-- What the task requires --
Only the pictures are to be dropped, and the rest of the data should be copied exactly.

Start of Dataset extract

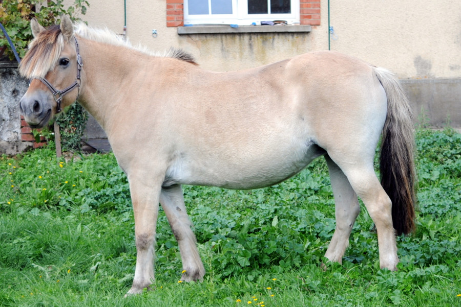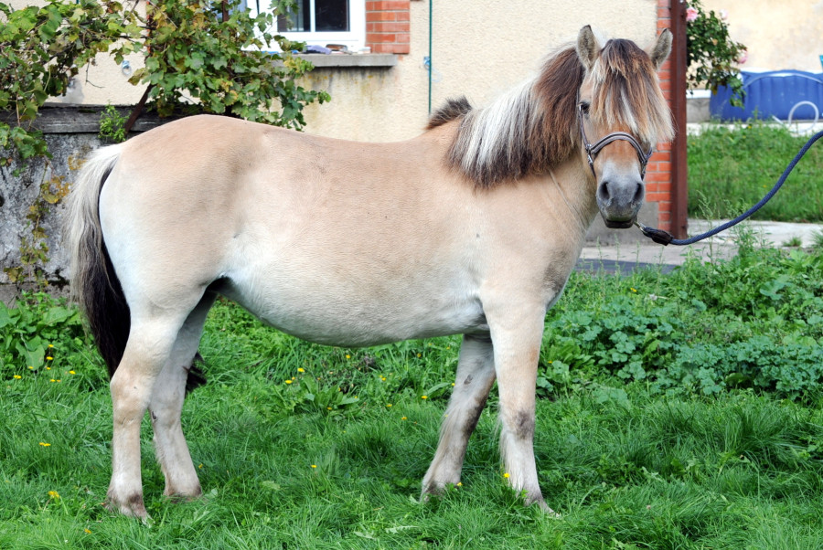 Claire, jument type fjord (déclaration non faite à la naissance), née en 2016 et toisant 1m38, est à la recherche de sa famille.
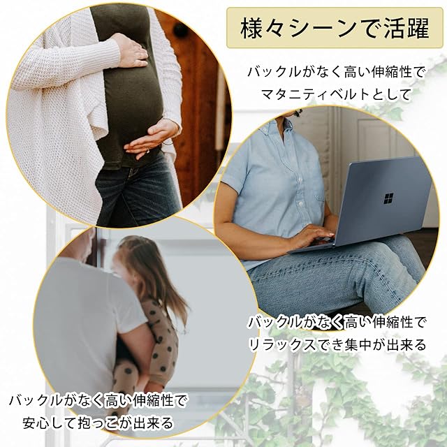 【ノーバックルベルト】:バックルが無いから過ごしやすい。バックルが無いから安心。立ったり座ったり、歩いたり運動したりがバックルがないだけでとっても軽快。またご家族の為にも、妊婦さんのマタニティー用品として、小さなお子様を抱っこする時などバックルがないので安心してお使い頂けます。
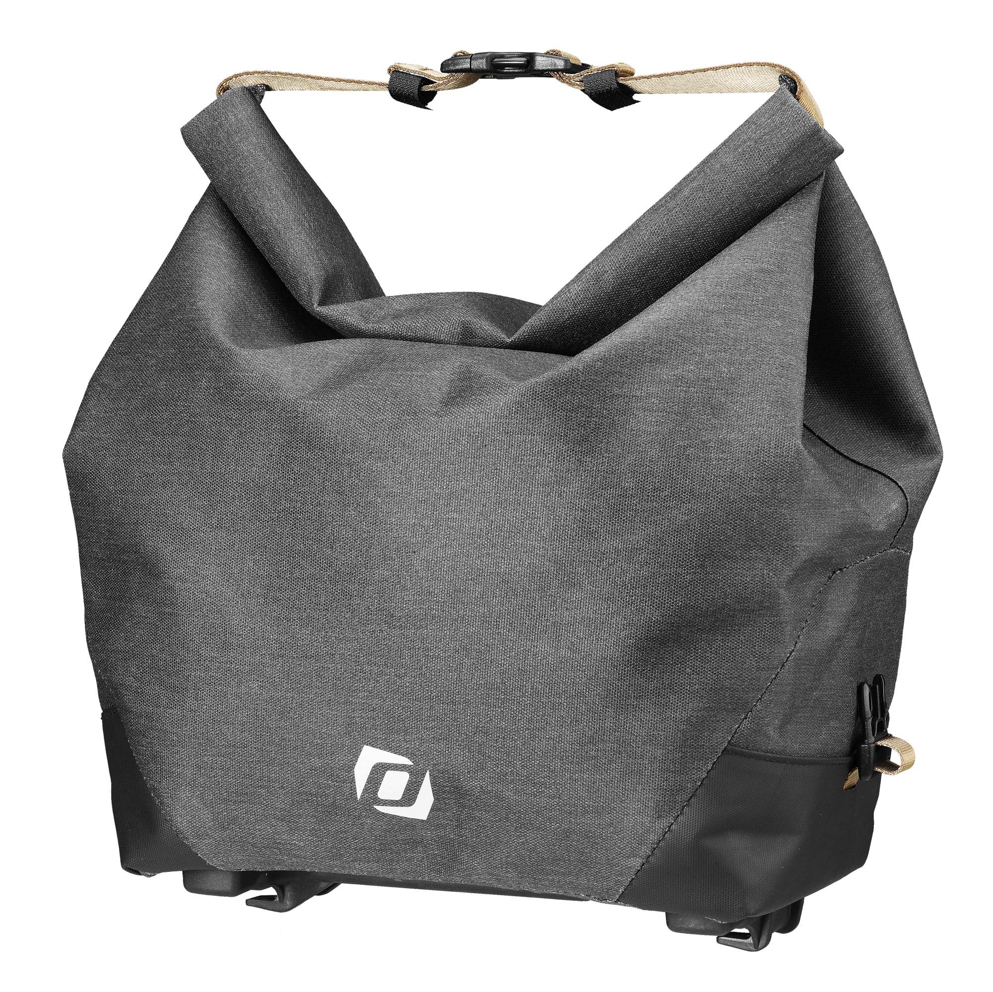 Waterproof trunk bag with roll-top to prevent water ingress and 2 closure options (top or side). This model features the updated Racktime Snap-it 2.0 adapter for secure attachment. Reflective safety elements.
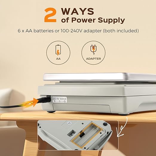 • Two Powering Modes-The food weighing scale can be powered both by 100-240V AC adapter (included) and 6pcs AA batteries (included).

End of Dataset extract

-- Solution for this problem --
 Claire, jument type fjord (déclaration non faite à la naissance), née en 2016 et toisant 1m38, est à la recherche de sa famille.
 【ノーバックルベルト】:バックルが無いから過ごしやすい。バックルが無いから安心。立ったり座ったり、歩いたり運動したりがバックルがないだけでとっても軽快。またご家族の為にも、妊婦さんのマタニティー用品として、小さなお子様を抱っこする時などバックルがないので安心してお使い頂けます。
 Waterproof trunk bag with roll-top to prevent water ingress and 2 closure options (top or side). This model features the updated Racktime Snap-it 2.0 adapter for secure attachment. Reflective safety elements.
 • Two Powering Modes-The food weighing scale can be powered both by 100-240V AC adapter (included) and 6pcs AA batteries (included).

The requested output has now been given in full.